• **TASK PROMPT**
After locating "貸し切り状態だったゲストハウ" in the listing below, copy that line and each one after it exactly, ending with the line that has "裡頭是包著蝦漿蝦肉之類的,外".

• **INPUT MATERIAL**
┄┄┄┄┄┄
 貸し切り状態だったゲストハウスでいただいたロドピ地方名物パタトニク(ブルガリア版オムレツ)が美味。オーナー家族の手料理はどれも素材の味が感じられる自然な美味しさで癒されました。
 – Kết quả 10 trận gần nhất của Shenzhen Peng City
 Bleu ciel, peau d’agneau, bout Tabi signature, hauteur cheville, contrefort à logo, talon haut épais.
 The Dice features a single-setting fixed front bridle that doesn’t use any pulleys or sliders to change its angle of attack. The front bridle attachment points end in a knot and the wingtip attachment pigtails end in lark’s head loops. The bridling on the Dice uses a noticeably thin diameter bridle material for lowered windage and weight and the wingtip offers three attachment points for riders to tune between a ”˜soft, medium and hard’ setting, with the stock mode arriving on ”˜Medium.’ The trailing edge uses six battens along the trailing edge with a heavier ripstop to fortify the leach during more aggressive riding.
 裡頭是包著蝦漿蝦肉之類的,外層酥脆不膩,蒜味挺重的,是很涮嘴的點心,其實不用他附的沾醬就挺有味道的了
┄┄┄┄┄┄
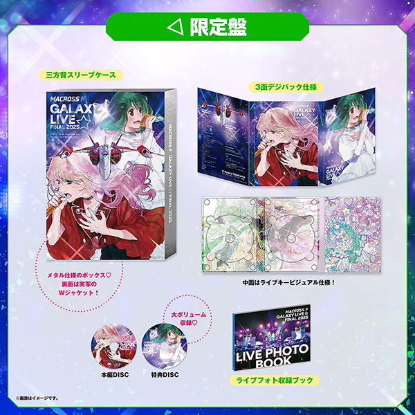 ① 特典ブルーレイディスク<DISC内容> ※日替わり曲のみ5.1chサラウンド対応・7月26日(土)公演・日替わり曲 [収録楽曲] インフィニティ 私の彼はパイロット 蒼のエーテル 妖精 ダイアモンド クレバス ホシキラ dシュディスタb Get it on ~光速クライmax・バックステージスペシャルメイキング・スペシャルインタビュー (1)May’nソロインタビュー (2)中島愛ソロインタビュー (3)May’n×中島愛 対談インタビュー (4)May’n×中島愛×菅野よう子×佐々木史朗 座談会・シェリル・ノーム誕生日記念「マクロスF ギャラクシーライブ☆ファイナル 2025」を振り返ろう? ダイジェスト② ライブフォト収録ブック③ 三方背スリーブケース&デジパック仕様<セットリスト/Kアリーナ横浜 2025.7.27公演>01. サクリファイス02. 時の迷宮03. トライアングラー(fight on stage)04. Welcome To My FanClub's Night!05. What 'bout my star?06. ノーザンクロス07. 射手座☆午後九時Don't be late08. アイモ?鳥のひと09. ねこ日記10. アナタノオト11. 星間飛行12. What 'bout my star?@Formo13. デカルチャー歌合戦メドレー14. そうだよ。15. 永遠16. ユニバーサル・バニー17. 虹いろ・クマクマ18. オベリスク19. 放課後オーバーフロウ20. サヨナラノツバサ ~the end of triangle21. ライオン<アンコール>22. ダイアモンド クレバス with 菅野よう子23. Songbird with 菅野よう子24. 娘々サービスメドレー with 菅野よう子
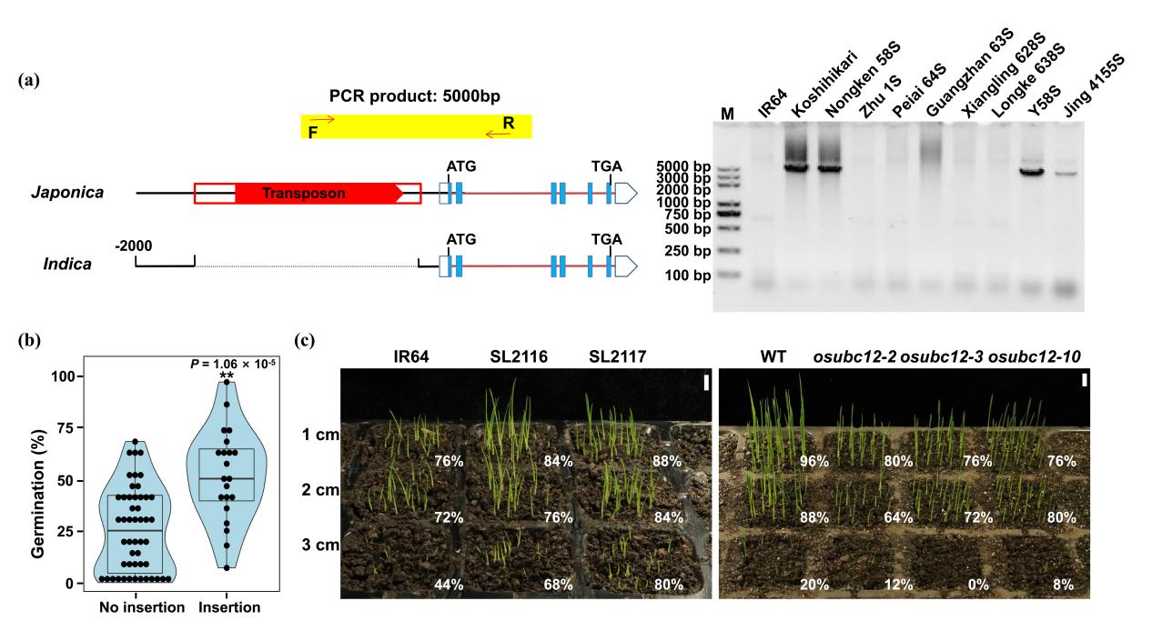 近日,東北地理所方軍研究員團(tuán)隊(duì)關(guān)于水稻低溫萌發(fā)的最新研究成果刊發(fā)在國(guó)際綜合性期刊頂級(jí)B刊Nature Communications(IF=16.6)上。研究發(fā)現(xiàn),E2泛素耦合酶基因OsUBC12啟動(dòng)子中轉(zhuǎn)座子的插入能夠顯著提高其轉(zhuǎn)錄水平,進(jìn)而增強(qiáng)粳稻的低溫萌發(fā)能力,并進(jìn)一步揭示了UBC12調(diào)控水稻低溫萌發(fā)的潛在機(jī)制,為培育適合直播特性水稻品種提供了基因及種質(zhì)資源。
┄┄┄┄┄┄
• **FINAL ANSWER**
 貸し切り状態だったゲストハウスでいただいたロドピ地方名物パタトニク(ブルガリア版オムレツ)が美味。オーナー家族の手料理はどれも素材の味が感じられる自然な美味しさで癒されました。
 – Kết quả 10 trận gần nhất của Shenzhen Peng City
 Bleu ciel, peau d’agneau, bout Tabi signature, hauteur cheville, contrefort à logo, talon haut épais.
 The Dice features a single-setting fixed front bridle that doesn’t use any pulleys or sliders to change its angle of attack. The front bridle attachment points end in a knot and the wingtip attachment pigtails end in lark’s head loops. The bridling on the Dice uses a noticeably thin diameter bridle material for lowered windage and weight and the wingtip offers three attachment points for riders to tune between a ”˜soft, medium and hard’ setting, with the stock mode arriving on ”˜Medium.’ The trailing edge uses six battens along the trailing edge with a heavier ripstop to fortify the leach during more aggressive riding.
 裡頭是包著蝦漿蝦肉之類的,外層酥脆不膩,蒜味挺重的,是很涮嘴的點心,其實不用他附的沾醬就挺有味道的了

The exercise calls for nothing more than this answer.